下水道は、毎日の生活や生産活動によって生じる汚水や雨水を速やかに排除して生活環境を改善するほか、公共用水域の水質保全を図るとともに、近年では、下 水処理水をはじめ下水汚泥や下水道施設の上・空間を有効活用するなど、循環型社会にも対応する施設としてなくてはならない社会資本の一つです。

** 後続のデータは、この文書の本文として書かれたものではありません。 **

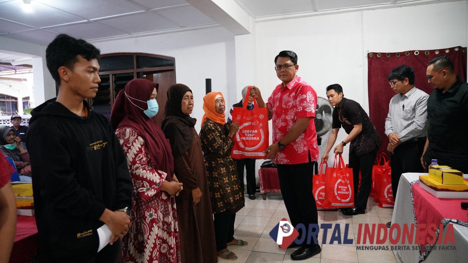 Wabup Sleman Danang Maharsa (baju merah) serahkan bantuan kepada Sahabudin (Brd/Portal Indonesia)

しかしながら、下水道普及率は、平成22年度末で75.1%に達したものの、人口5万人未満の市町村においては未だ46.3%という状況(東日本大震災の影響により調査のできなかった岩手・宮城・福島を除いた数値)にあることから、 これら地域に対する早急な整備が求められています。一方、早期に下水道事業に着手した地域においては施設の老朽化に伴う改築・更新や下水を処理する過程で 発生する下水汚泥の減量化・再利用の促進、合流式下水道の改善等多くの課題を抱えています。
(公社)日本下水道協会では、下水道の役割や効果、その仕組みをはじめ、抱えている諸問題を多くの方々に知っていただき、広く各方面からご意見、ご要望等を 伺いながら下水道事業が円滑に執行されるよう情報等の提供に努めて参りますのでよろしくご支援くださいますようお願い申し上げます。